The reply should hold only the lines below beginning at the one with "Auch wenn ich" and ending at the one with "In dieser Seitenansicht", copied exactly, with every picture left out.

**Records for the exercise**
------------------------------------------------------------

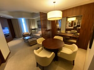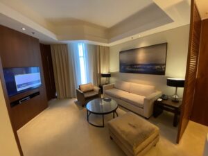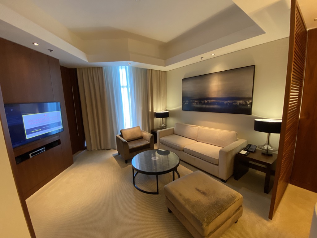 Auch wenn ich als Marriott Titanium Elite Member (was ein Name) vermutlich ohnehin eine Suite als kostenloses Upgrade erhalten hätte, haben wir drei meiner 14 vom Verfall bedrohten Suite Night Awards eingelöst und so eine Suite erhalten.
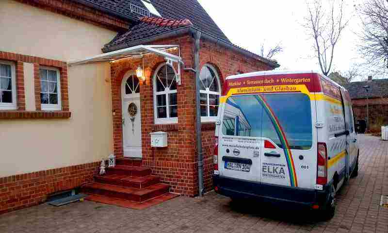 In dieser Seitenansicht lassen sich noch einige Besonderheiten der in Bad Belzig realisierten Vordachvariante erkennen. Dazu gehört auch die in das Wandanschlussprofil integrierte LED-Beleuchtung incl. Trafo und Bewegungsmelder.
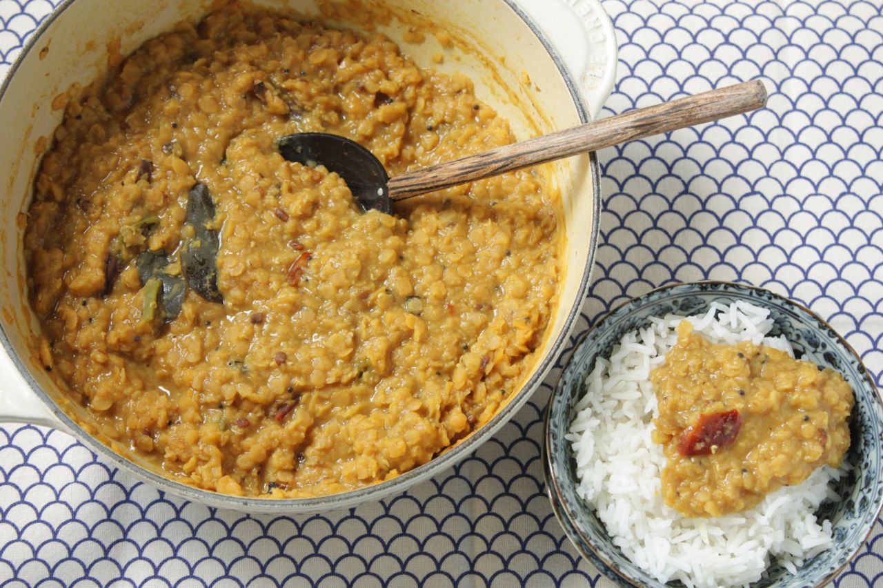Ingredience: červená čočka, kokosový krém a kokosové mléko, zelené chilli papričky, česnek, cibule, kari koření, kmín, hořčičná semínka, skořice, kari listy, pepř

------------------------------------------------------------

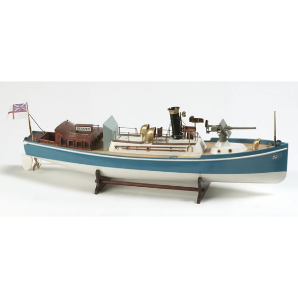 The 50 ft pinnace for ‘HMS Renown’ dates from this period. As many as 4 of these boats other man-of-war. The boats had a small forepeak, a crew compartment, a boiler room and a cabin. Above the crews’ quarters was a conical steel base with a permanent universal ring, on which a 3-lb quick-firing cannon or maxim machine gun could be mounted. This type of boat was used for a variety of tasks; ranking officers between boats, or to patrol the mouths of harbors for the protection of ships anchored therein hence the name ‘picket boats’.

------------------------------------------------------------

**Solution for this task**
 Auch wenn ich als Marriott Titanium Elite Member (was ein Name) vermutlich ohnehin eine Suite als kostenloses Upgrade erhalten hätte, haben wir drei meiner 14 vom Verfall bedrohten Suite Night Awards eingelöst und so eine Suite erhalten.
 In dieser Seitenansicht lassen sich noch einige Besonderheiten der in Bad Belzig realisierten Vordachvariante erkennen. Dazu gehört auch die in das Wandanschlussprofil integrierte LED-Beleuchtung incl. Trafo und Bewegungsmelder.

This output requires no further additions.